Posted Thu, 16 Mar 2023 08:36:26 GMT by
I have the same situation! Speaking to a Tax AccountSnt to find out more. When you filled out the IRA forms - did you place 0% as the tax treaty?
Posted Thu, 16 Mar 2023 15:30:46 GMT by Ismiatonreet
I believe I did. I have spoken to a US Tax accountant who believes I need to pay US taxes on the amount. The local agents for the IRA were stumped as they had never had to deal with a foreign beneficiary before, but the head office advised that obtaining an ITIN was not required for distributions on a foreign account. They have recently issued Form 1042-s (Foreign Persons US Source of Income Subject to Withholding). with an exemption listed as 3 "Exempt under Tax Treaty" 15 "Payee not subject to Chapter 4 Withholding". I have searched all over but cannot find anything that covers this situation.
Posted Fri, 17 Mar 2023 15:14:13 GMT by HMRC Admin 5
Hi,

UK/US citizens resident in the UK are taxable on their IRA interest in the UK.  

IRA's are treated differently from Roth IRA's, in that they are taxable in the UK under foreign interest.  

The gross interest would be declared in the self assessment tax return, using the supplementary page SA106.  

The interest would be treated in the same way as UK interest and attract that starting rate of £5000.00.

The actual lump sum would be an inheritance and not taxable.

Thank you.
Posted Fri, 17 Mar 2023 23:24:46 GMT by Ismiatonreet
Thank you for the information, that helps greatly. Could I clarify that the Initial assets added to the transitional IRA account would be classed as the lump sum. There were no payments made from the account until the assets were sold. During this time there were some small increases in value but overall the value had reduced by 2% so the value I received was less than the initial lump sum so I assume there would be no tax to be paid. (The money is currently in an interest bearing bank account and I understand that any interest is subject to UK Tax.
Posted Sat, 18 Mar 2023 09:39:45 GMT by s66sop Hall
I am in a similar situation.
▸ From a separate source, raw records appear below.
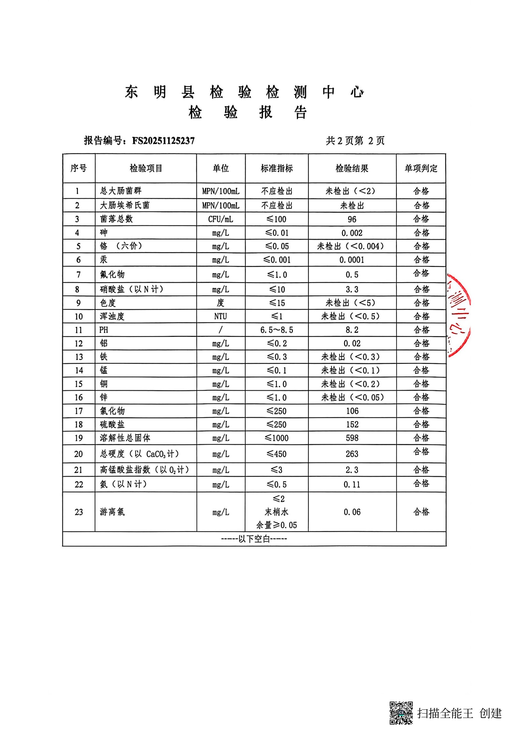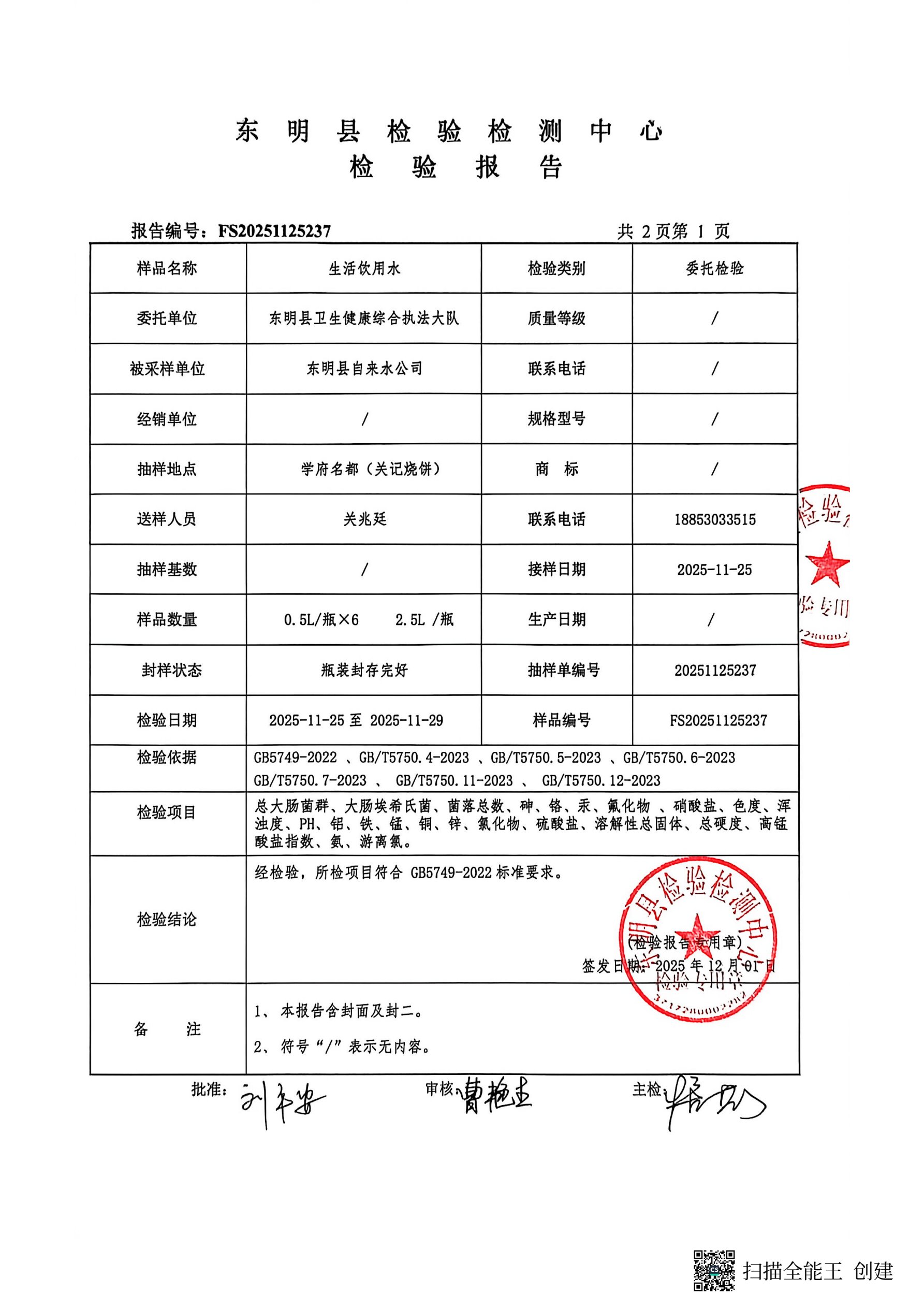 2025年第四季度管网末梢水检测学府名都取水口(季检)
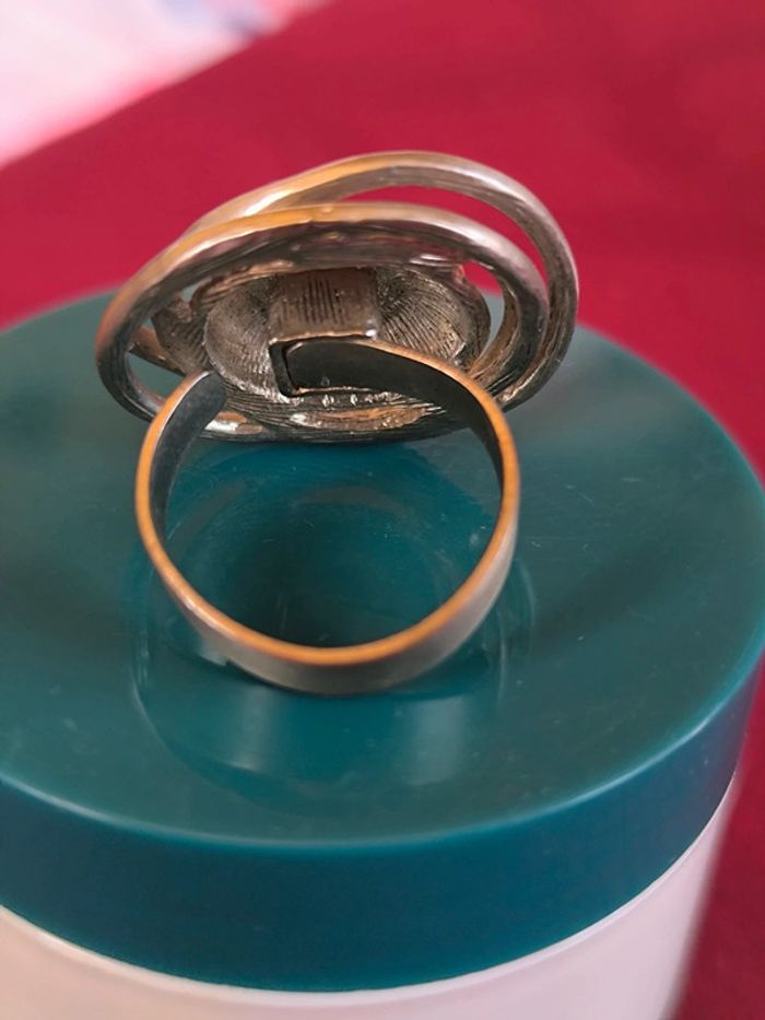 Bague réglable. Diamètre : entre 1,7 et 2,1 cms Poids : 11,20 g
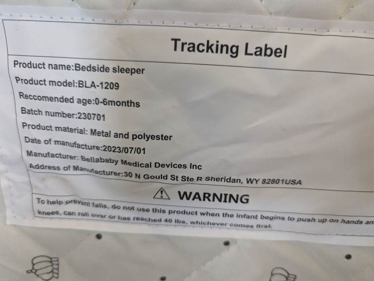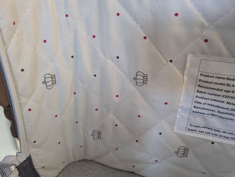 Bella baby crib, excellent condition. Was never used as it was too big for the space next to the bed in the end.
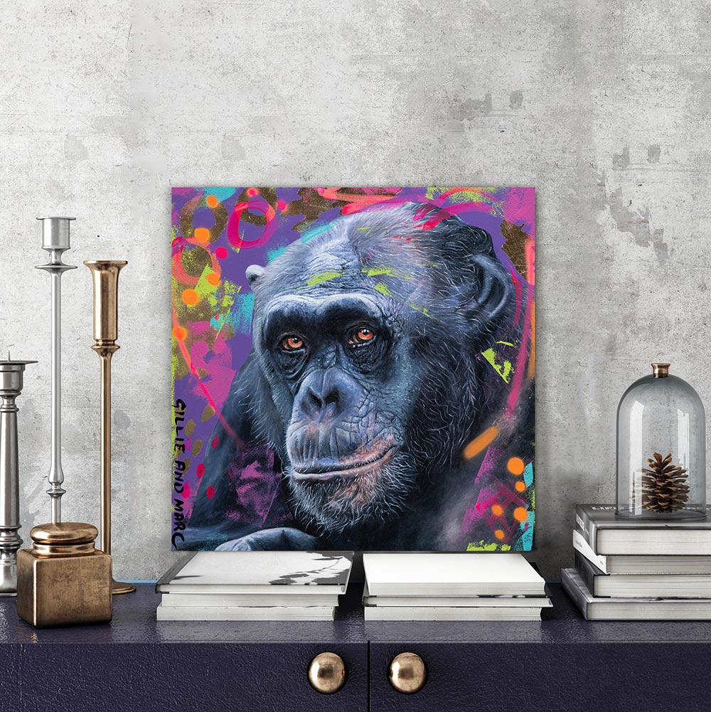 Style Contemporary Figurative, Wildlife, Pop Description The chimpanzee is our closest living relative, sharing about 99 % of our DNA. It’s even thought that we have a common ancestor who lived sometime between 7-13 million years ago! Through research of we have been able to see some of the magical similarities between us and chimpanzees. We all have our own unique personalities, are incredibly social, can learn basic sign-language, and, most importantly use and make tools.

I was one of three UK beneficiaries of my US-resident (but UK citizen) aunt's IRA; my brother and cousin chose to take their shares as a single lump sum, but I have opted for equal payments over five years. As I understand it, the amount not yet paid to me does not accrue any interest, so the amounts paid out each year will always be the same (although I'm obviously at the mercy of the $/£ exchange rate). So from your reply above, am I right in thinking I don't need to declare the payments, as there is no interest involved? Thank you.
Posted Thu, 23 Mar 2023 09:49:51 GMT by HMRC Admin 19
Hi s66sop Hall,

If there is no interest, you are correct in that nothing needs to be declared.

Thank you.
Posted Thu, 23 Mar 2023 09:52:44 GMT by HMRC Admin 19
Hi Ismiatonreet,

Yes, that is correct.

Thank you.
Posted Tue, 02 May 2023 12:08:33 GMT by Paul Dev
To clarify some of this, an IRA is an individual retirement account and distributions from it, to a UK resident, are not interest but are considered to be foreign pensions. These pensions are still reported on SA106 but do not qualify for £5,000 starting rate that applies to actual interest.
Posted Mon, 22 May 2023 13:53:52 GMT by Ismiatonreet
Thanks for the reply Paul Dev. Unfortunately I am now confused so hopefully you can help clarify if I put some fictitious numbers to the query. At the time of my relatives death her IRA was valued at $250,000 which transferred to my name. The IRA company does not allow non resident alien to hold IRA to required the account to be paid to me. After two months I received an initial cheque for $242,400, Fifteen days later I received a second cheque for $2599.50 and two months later a final cheque for $0.50 for a Total of $245,000 Are these payments classed as distributions and therefore subject to UK tax, and if that is the case, I assume I will be taxed at standard tax rates (i.e. 20%, 40% 45%) . If that is the case I would have been better paying US tax of 30%
Posted Thu, 22 Jun 2023 14:50:33 GMT by Paul Dev
You should consider whether the payment qualifies for relief as a lump sum from on overseas pension in which case no UK tax but US tax is due. This will e at graduated rates and not a flat 30%, this is likely the withholding and you would file a non resident US tax return to determine the final liability and if necessary claim a refund.
Posted Sat, 22 Jul 2023 11:19:05 GMT by dperry
I am following this thread. I am a US citizen and born in the UK. I am considering returning to the UK as a resident (domiciled). I have lived in the USA for over 50-years. I am trying to figure out tax implications if I decide to return to the UK. I inherited an IRA from a U.S. citizen (non-spouse/non-parent) in 2015. I have been taking lifetime required minimum distributions (RMD) in the USA, which is where I've been living as a long-term resident. I am confused about the thread in relation to declaring "gross interest" if I was to be a domiciled resident in the UK. The American tax law taxes the whole gross amount as income (both the principal and interest of the proceeds) received in that particular year. How would I declare "gross interest" only to the HMRC? For example, would I work out how much interest was made from just the proceeds of the RMD from the point I inherited it, or would I be required to pay interest made each year on the full investment even on the amount that wasn't yet realized (sold)? Thank you for your consideration.
Posted Mon, 31 Jul 2023 12:21:47 GMT by HMRC Admin 32
Hi dperry,

Your IRA provider will provide you with an annual statement of interest arising. Please declare the relevant gross amount in the Foreign Pages (SA106) of your self assessment tax return, and claim Foreign Tax Credit Relief re: any tax deducted in the USA.    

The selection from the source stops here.